- _Your instructions_:
When the line with "Choć ostrych reżimów" appears below, start repeating lines exactly, and keep going through the line with "Taille : S Si"; add nothing outside that span.

- _Input records_:
........

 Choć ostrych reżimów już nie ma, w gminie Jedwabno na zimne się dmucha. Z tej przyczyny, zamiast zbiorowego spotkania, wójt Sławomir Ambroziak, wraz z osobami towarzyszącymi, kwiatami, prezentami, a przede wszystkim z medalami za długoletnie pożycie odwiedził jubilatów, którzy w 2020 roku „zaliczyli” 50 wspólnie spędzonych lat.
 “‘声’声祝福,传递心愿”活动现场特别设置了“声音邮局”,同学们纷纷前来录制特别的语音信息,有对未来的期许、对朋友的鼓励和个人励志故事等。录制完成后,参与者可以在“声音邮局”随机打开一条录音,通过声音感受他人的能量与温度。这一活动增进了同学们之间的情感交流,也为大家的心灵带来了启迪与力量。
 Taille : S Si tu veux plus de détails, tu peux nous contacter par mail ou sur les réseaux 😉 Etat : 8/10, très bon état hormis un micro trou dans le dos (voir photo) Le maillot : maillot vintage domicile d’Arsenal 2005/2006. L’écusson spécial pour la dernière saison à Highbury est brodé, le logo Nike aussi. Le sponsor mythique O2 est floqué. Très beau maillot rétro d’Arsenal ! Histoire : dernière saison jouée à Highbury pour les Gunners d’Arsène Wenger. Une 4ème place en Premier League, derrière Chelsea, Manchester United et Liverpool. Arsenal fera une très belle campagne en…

........

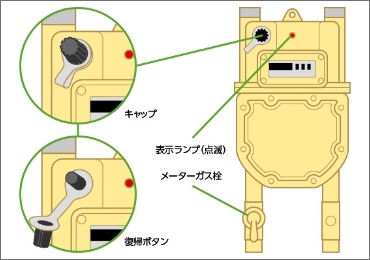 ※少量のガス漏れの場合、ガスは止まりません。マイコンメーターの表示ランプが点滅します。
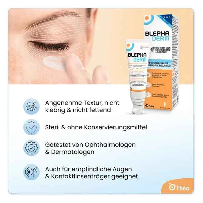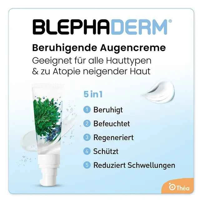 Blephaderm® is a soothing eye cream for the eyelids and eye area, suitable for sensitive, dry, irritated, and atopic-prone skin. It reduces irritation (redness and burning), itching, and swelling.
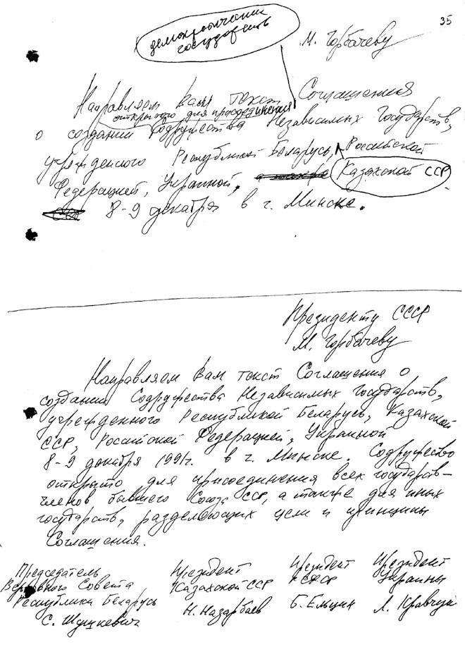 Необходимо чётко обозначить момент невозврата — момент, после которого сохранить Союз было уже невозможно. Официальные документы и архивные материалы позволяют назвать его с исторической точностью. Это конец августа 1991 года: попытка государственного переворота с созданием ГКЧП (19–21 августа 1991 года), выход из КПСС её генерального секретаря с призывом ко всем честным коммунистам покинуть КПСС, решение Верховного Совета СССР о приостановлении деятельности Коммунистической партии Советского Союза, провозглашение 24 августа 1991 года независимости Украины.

........

- _Result_:
 Choć ostrych reżimów już nie ma, w gminie Jedwabno na zimne się dmucha. Z tej przyczyny, zamiast zbiorowego spotkania, wójt Sławomir Ambroziak, wraz z osobami towarzyszącymi, kwiatami, prezentami, a przede wszystkim z medalami za długoletnie pożycie odwiedził jubilatów, którzy w 2020 roku „zaliczyli” 50 wspólnie spędzonych lat.
 “‘声’声祝福,传递心愿”活动现场特别设置了“声音邮局”,同学们纷纷前来录制特别的语音信息,有对未来的期许、对朋友的鼓励和个人励志故事等。录制完成后,参与者可以在“声音邮局”随机打开一条录音,通过声音感受他人的能量与温度。这一活动增进了同学们之间的情感交流,也为大家的心灵带来了启迪与力量。
 Taille : S Si tu veux plus de détails, tu peux nous contacter par mail ou sur les réseaux 😉 Etat : 8/10, très bon état hormis un micro trou dans le dos (voir photo) Le maillot : maillot vintage domicile d’Arsenal 2005/2006. L’écusson spécial pour la dernière saison à Highbury est brodé, le logo Nike aussi. Le sponsor mythique O2 est floqué. Très beau maillot rétro d’Arsenal ! Histoire : dernière saison jouée à Highbury pour les Gunners d’Arsène Wenger. Une 4ème place en Premier League, derrière Chelsea, Manchester United et Liverpool. Arsenal fera une très belle campagne en…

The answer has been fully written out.